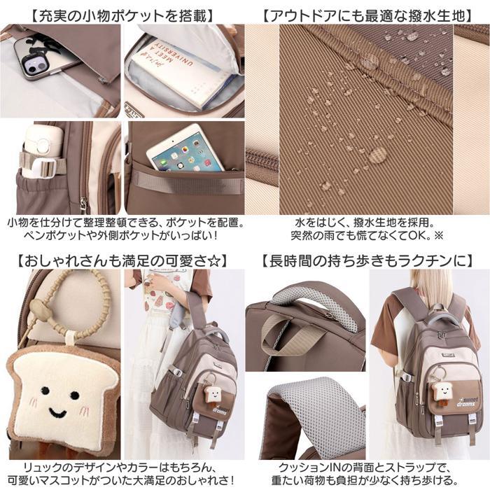 | 商品説明 | ・・【タブレット、教材や文具を収納◎】 ・通学から休日レジャー、旅行まで大活躍☆「キッズ リュックサック 大容量」が登場。 ・【抜群の収納力が自慢!】 ・ざっくり入る、大きめのメインルーム。水筒やお弁当、教科書やポーチなどをまるっと収納。 ・【クッションINポケットを搭載】 ・メイン収納には、タブレットなどの電子機器を持ち歩いても安心の専用ポケットつき! ・【アウトドアにも最適な撥水生地】 ・水をはじく、撥水生地を採用。突然の雨でも慌てなくてOK。※完全防水ではありません。 ・【充実の小物ポケットを搭載】 ・小物を仕分けて整理整頓できる、ポケットを配置。ペンポケットや外側ポケットがいっぱい! ・【おしゃれさんも満足の可愛さ☆】 ・リュックのデザインやカラーはもちろん、可愛いマスコットがついた大満足のおしゃれさ! ・【長時間の持ち歩きもラクチンに】 ・クッションINの背面とストラップで、重たい荷物も負担が少なく持ち歩ける。 ・【キャリーオンベルトつき】 ・キャリケースにつけて持ち運べる、ベルトを搭載。家族とのお出かけにもぴったり! ・【男の子も女の子もOK☆】 ・幅広いカラーバリエーションをご用意。性別関係なく使えるのが嬉しいポイント。 ・【ポケット仕様】 ・メイン:PCポケット×1 ・背面:ファスナーポケット×1 ・サイド:オープンポケット×2 ・フロント収納:オープンポケット×3、ペンポケット×2 ・前面:ファスナーポケット×1、フラップポケット×1 |
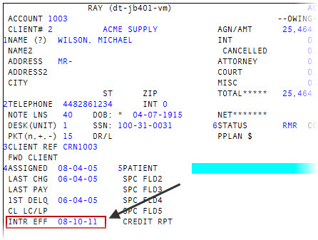 The interest effective date is not permanently stored on the Account Update screen. When a function updates interest, the date in the Intr Eff field changes. A permanent record of interest effective date changes is kept in the notes.
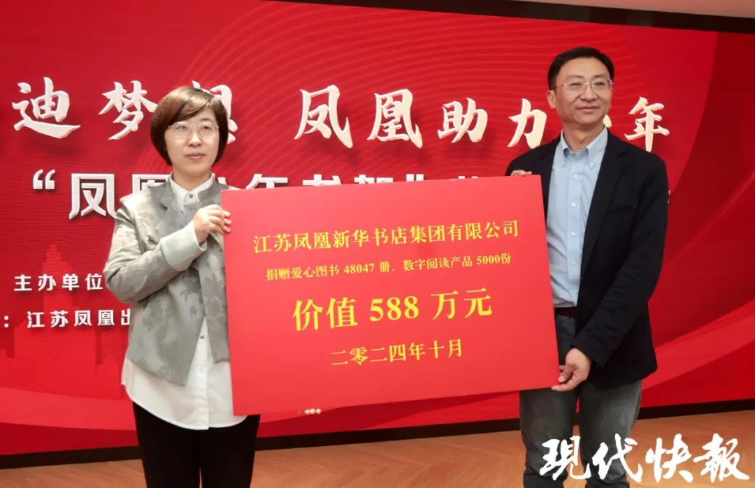 当天,会上举行了2024年“凤凰少年书架”公益关爱项目捐赠仪式。江苏凤凰新华书店集团有限公司向江苏省青基会捐赠爱心图书48047册、数字产品5000份,价值588万元。
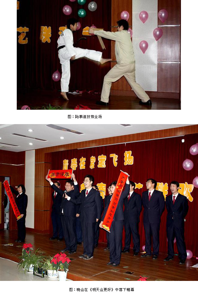 伴隨著一聲“起航了”,“青春在常寶飛揚(yáng)”迎新春聯(lián)歡會在ERW項目組的合唱“眾人劃槳開大船”中拉開序幕,一首首悅耳動聽的歌曲,一句句妙語連珠的話語,一張張充滿青春朝氣的笑臉,組成了一道道亮麗的風(fēng)景線。新進(jìn)大學(xué)生自編自導(dǎo)的三句半《繼往開來說常寶》讓大伙開心不已;裝備部陳娟的一首《一個人的精彩》贏得陣陣熱烈掌聲;相聲《現(xiàn)代版的大話西游》及小品《常寶新聞》詼諧幽默,讓大伙笑的直不起腰;榮獲一等獎的武術(shù)表演《跆拳道》與《雙節(jié)棍》出色的功夫讓大家大開眼界;還有多才多藝的鄭玉平女兒鄭亞南小朋友帶來的二胡獨(dú)奏《蘇北小調(diào)》給我們留下了深刻印象;當(dāng)然也少不了情歌對唱,充滿活力的帥哥彭福本與靚麗文靜的廖濤一曲《你是我心內(nèi)的一首歌》,讓參加聯(lián)歡會的同事們紛紛陶醉。熱烈的氣氛、優(yōu)美的歌聲、歡樂的場面、燦爛的微笑,讓公司員工度過了一個輕松的下午。在外貿(mào)部全體員工《明天會更好》的歌聲和掌聲中,聯(lián)歡會降下帷幕。
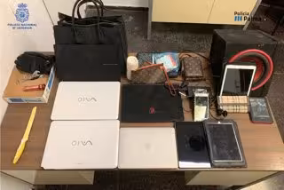 No obstante, los agentes realizaron diversas gestiones y pudieron averiguar que supuestamente dos de estas personas habían ocultado varios de los objetos sustraídos en diferentes lugares cercanos. En concreto, unos agentes localizaron en el interior de una papelera y un contenedor dos carteras propiedad del perjudicado, mientras que otros hallaron en el cuarto de contadores de un edificio próximo cinco ordenadores, tres tablets, un libro electrónico, dos altavoces, una bandolera y otra cartera, siendo la mayoría de efectos reconocidos por el perjudicado.
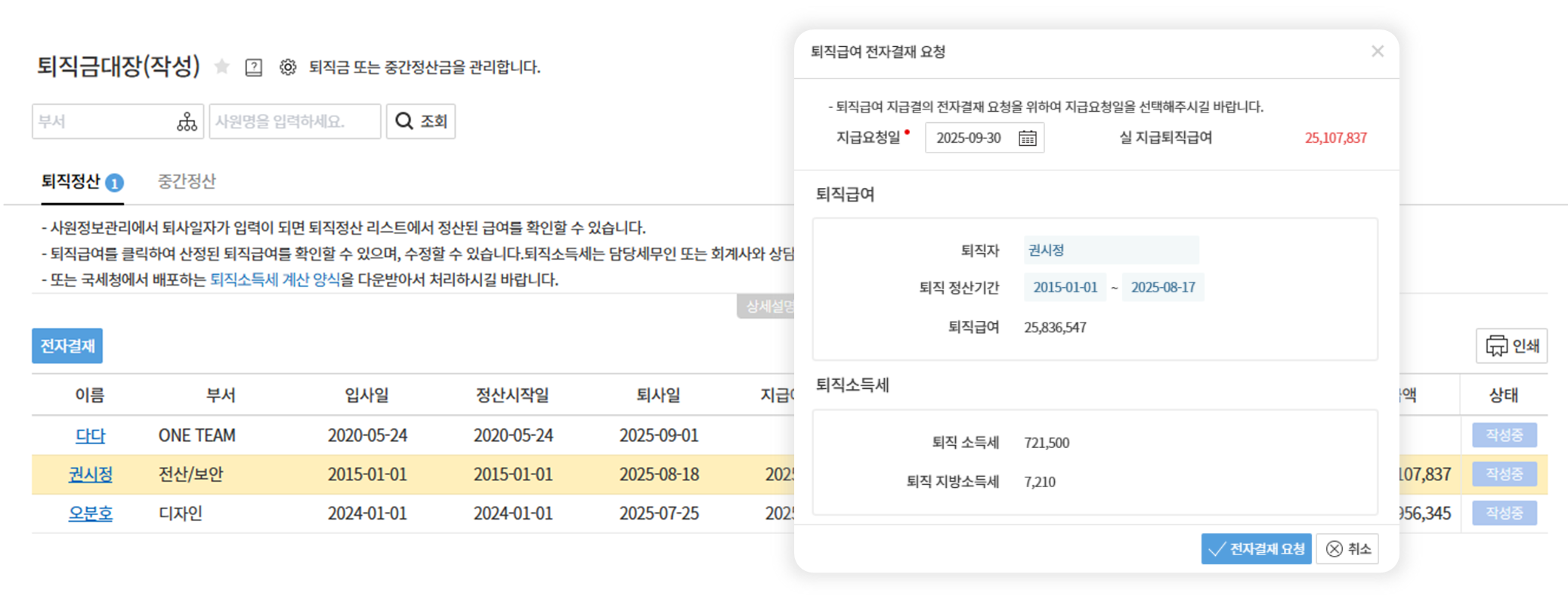 - 정산된 퇴직금 및 중간 정산금 지급 결재 가능
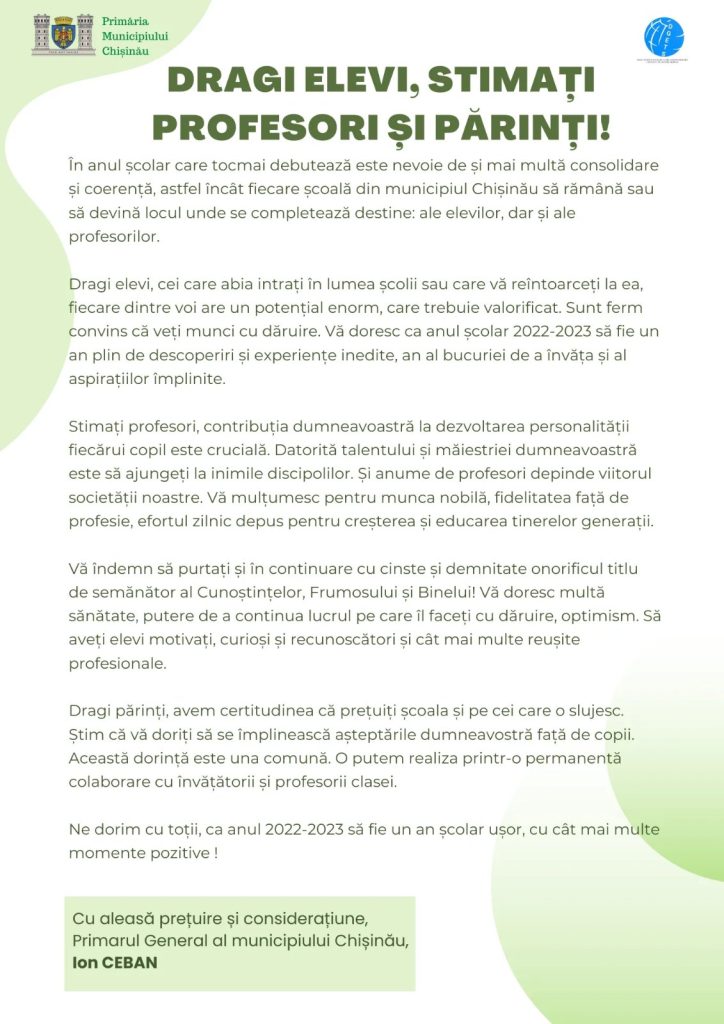 Mesajul Primarului General al municipiului Chișinău, Ion CEBAN, cu ocazia începerii noului an școlar, 2022-2023
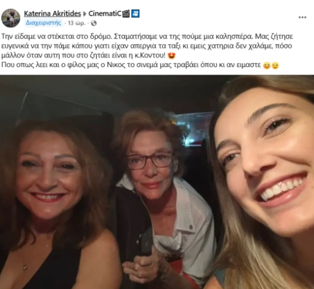 «Την είδαμε να στέκεται στον δρόμο. Σταματήσαμε να της πούμε μια καλησπέρα. Μας ζήτησε ευγενικά να την πάμε κάπου γιατί είχαν απεργία τα ταξί κι εμείς χατίρια δεν χαλάμε, πόσω μάλλον όταν αυτήν που στο ζητάει είναι η κυρία Κοντού», έγραψε χαρακτηριστικά η γυναίκα στη δημοσίευσή της.
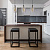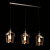Металлическое основание подвесной люстры окрашено в черный цвет. Отдельные элементы основания гальванизированы в цвет латуни. Прозрачные стеклянные плафоны отлиты в сложную форму.
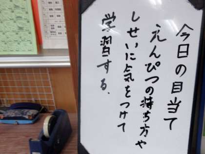 5年生の今日のめあてに「姿勢と鉛筆の持ち方」が書いてありました。
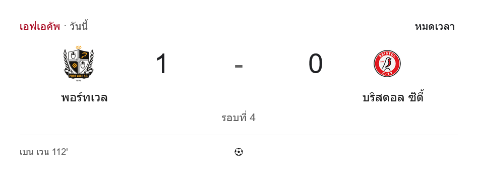 แมตช์นี้คือเกมน็อกเอาต์ที่ไม่มีคำว่าแก้ตัว พอร์ท เวล เบียดชนะในช่วงต่อเวลา 1-0 ส่งผลให้พวกเขาผ่านเข้าสู่รอบถัดไปของ เอฟเอ คัพ ด้วยโมเมนตัมแบบทีมที่ “ใจถึง” ส่วนบริสตอล ซิตี้ ต้องหยุดเส้นทางไว้แค่รอบนี้ แม้รูปเกมจะครองบอลเหนือกว่า แต่จังหวะสุดท้ายไม่เฉียบพอ และโดนลงโทษจากความผิดพลาดเพียงครั้งเดียว
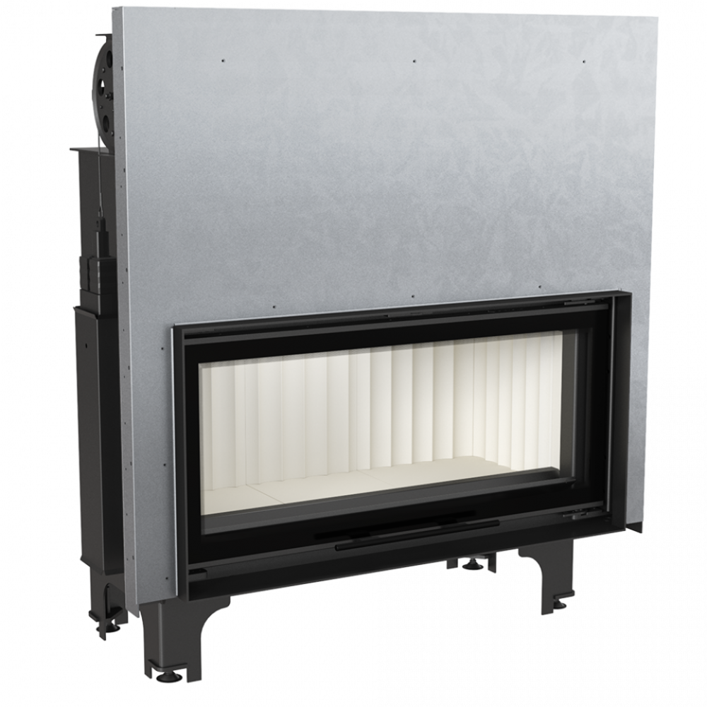 • Декоративная стеклянная панель типа glass, которая выдерживает температуру до 660 °C и предоставляет камину современный и элегантный вид, оптически увеличивает переднюю часть топки.
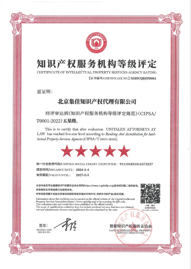 2024年2月4日,首都知識(shí)產(chǎn)權(quán)服務(wù)業(yè)協(xié)會(huì)公布2023年度知識(shí)產(chǎn)權(quán)服務(wù)機(jī)構(gòu)等級(jí)評(píng)定結(jié)果,北京集佳知識(shí)產(chǎn)權(quán)代理有限公司憑借穩(wěn)健的綜合實(shí)力獲得各界肯定,獲評(píng)首批最高等級(jí)——AAAAA級(jí)知識(shí)產(chǎn)權(quán)服務(wù)機(jī)構(gòu)。

** PROBLEM TO SOLVE **
Print the entire listing precisely as written, omitting the images it holds.

** RESULT **
 | 商品説明 | ・・【タブレット、教材や文具を収納◎】 ・通学から休日レジャー、旅行まで大活躍☆「キッズ リュックサック 大容量」が登場。 ・【抜群の収納力が自慢!】 ・ざっくり入る、大きめのメインルーム。水筒やお弁当、教科書やポーチなどをまるっと収納。 ・【クッションINポケットを搭載】 ・メイン収納には、タブレットなどの電子機器を持ち歩いても安心の専用ポケットつき! ・【アウトドアにも最適な撥水生地】 ・水をはじく、撥水生地を採用。突然の雨でも慌てなくてOK。※完全防水ではありません。 ・【充実の小物ポケットを搭載】 ・小物を仕分けて整理整頓できる、ポケットを配置。ペンポケットや外側ポケットがいっぱい! ・【おしゃれさんも満足の可愛さ☆】 ・リュックのデザインやカラーはもちろん、可愛いマスコットがついた大満足のおしゃれさ! ・【長時間の持ち歩きもラクチンに】 ・クッションINの背面とストラップで、重たい荷物も負担が少なく持ち歩ける。 ・【キャリーオンベルトつき】 ・キャリケースにつけて持ち運べる、ベルトを搭載。家族とのお出かけにもぴったり! ・【男の子も女の子もOK☆】 ・幅広いカラーバリエーションをご用意。性別関係なく使えるのが嬉しいポイント。 ・【ポケット仕様】 ・メイン:PCポケット×1 ・背面:ファスナーポケット×1 ・サイド:オープンポケット×2 ・フロント収納:オープンポケット×3、ペンポケット×2 ・前面:ファスナーポケット×1、フラップポケット×1 |
 The interest effective date is not permanently stored on the Account Update screen. When a function updates interest, the date in the Intr Eff field changes. A permanent record of interest effective date changes is kept in the notes.
 当天,会上举行了2024年“凤凰少年书架”公益关爱项目捐赠仪式。江苏凤凰新华书店集团有限公司向江苏省青基会捐赠爱心图书48047册、数字产品5000份,价值588万元。
 伴隨著一聲“起航了”,“青春在常寶飛揚(yáng)”迎新春聯(lián)歡會在ERW項目組的合唱“眾人劃槳開大船”中拉開序幕,一首首悅耳動聽的歌曲,一句句妙語連珠的話語,一張張充滿青春朝氣的笑臉,組成了一道道亮麗的風(fēng)景線。新進(jìn)大學(xué)生自編自導(dǎo)的三句半《繼往開來說常寶》讓大伙開心不已;裝備部陳娟的一首《一個人的精彩》贏得陣陣熱烈掌聲;相聲《現(xiàn)代版的大話西游》及小品《常寶新聞》詼諧幽默,讓大伙笑的直不起腰;榮獲一等獎的武術(shù)表演《跆拳道》與《雙節(jié)棍》出色的功夫讓大家大開眼界;還有多才多藝的鄭玉平女兒鄭亞南小朋友帶來的二胡獨(dú)奏《蘇北小調(diào)》給我們留下了深刻印象;當(dāng)然也少不了情歌對唱,充滿活力的帥哥彭福本與靚麗文靜的廖濤一曲《你是我心內(nèi)的一首歌》,讓參加聯(lián)歡會的同事們紛紛陶醉。熱烈的氣氛、優(yōu)美的歌聲、歡樂的場面、燦爛的微笑,讓公司員工度過了一個輕松的下午。在外貿(mào)部全體員工《明天會更好》的歌聲和掌聲中,聯(lián)歡會降下帷幕。
 No obstante, los agentes realizaron diversas gestiones y pudieron averiguar que supuestamente dos de estas personas habían ocultado varios de los objetos sustraídos en diferentes lugares cercanos. En concreto, unos agentes localizaron en el interior de una papelera y un contenedor dos carteras propiedad del perjudicado, mientras que otros hallaron en el cuarto de contadores de un edificio próximo cinco ordenadores, tres tablets, un libro electrónico, dos altavoces, una bandolera y otra cartera, siendo la mayoría de efectos reconocidos por el perjudicado.
 - 정산된 퇴직금 및 중간 정산금 지급 결재 가능
 Mesajul Primarului General al municipiului Chișinău, Ion CEBAN, cu ocazia începerii noului an școlar, 2022-2023
 «Την είδαμε να στέκεται στον δρόμο. Σταματήσαμε να της πούμε μια καλησπέρα. Μας ζήτησε ευγενικά να την πάμε κάπου γιατί είχαν απεργία τα ταξί κι εμείς χατίρια δεν χαλάμε, πόσω μάλλον όταν αυτήν που στο ζητάει είναι η κυρία Κοντού», έγραψε χαρακτηριστικά η γυναίκα στη δημοσίευσή της.
Металлическое основание подвесной люстры окрашено в черный цвет. Отдельные элементы основания гальванизированы в цвет латуни. Прозрачные стеклянные плафоны отлиты в сложную форму.
 5年生の今日のめあてに「姿勢と鉛筆の持ち方」が書いてありました。
 แมตช์นี้คือเกมน็อกเอาต์ที่ไม่มีคำว่าแก้ตัว พอร์ท เวล เบียดชนะในช่วงต่อเวลา 1-0 ส่งผลให้พวกเขาผ่านเข้าสู่รอบถัดไปของ เอฟเอ คัพ ด้วยโมเมนตัมแบบทีมที่ “ใจถึง” ส่วนบริสตอล ซิตี้ ต้องหยุดเส้นทางไว้แค่รอบนี้ แม้รูปเกมจะครองบอลเหนือกว่า แต่จังหวะสุดท้ายไม่เฉียบพอ และโดนลงโทษจากความผิดพลาดเพียงครั้งเดียว
 • Декоративная стеклянная панель типа glass, которая выдерживает температуру до 660 °C и предоставляет камину современный и элегантный вид, оптически увеличивает переднюю часть топки.
 2024年2月4日,首都知識(shí)產(chǎn)權(quán)服務(wù)業(yè)協(xié)會(huì)公布2023年度知識(shí)產(chǎn)權(quán)服務(wù)機(jī)構(gòu)等級(jí)評(píng)定結(jié)果,北京集佳知識(shí)產(chǎn)權(quán)代理有限公司憑借穩(wěn)健的綜合實(shí)力獲得各界肯定,獲評(píng)首批最高等級(jí)——AAAAA級(jí)知識(shí)產(chǎn)權(quán)服務(wù)機(jī)構(gòu)。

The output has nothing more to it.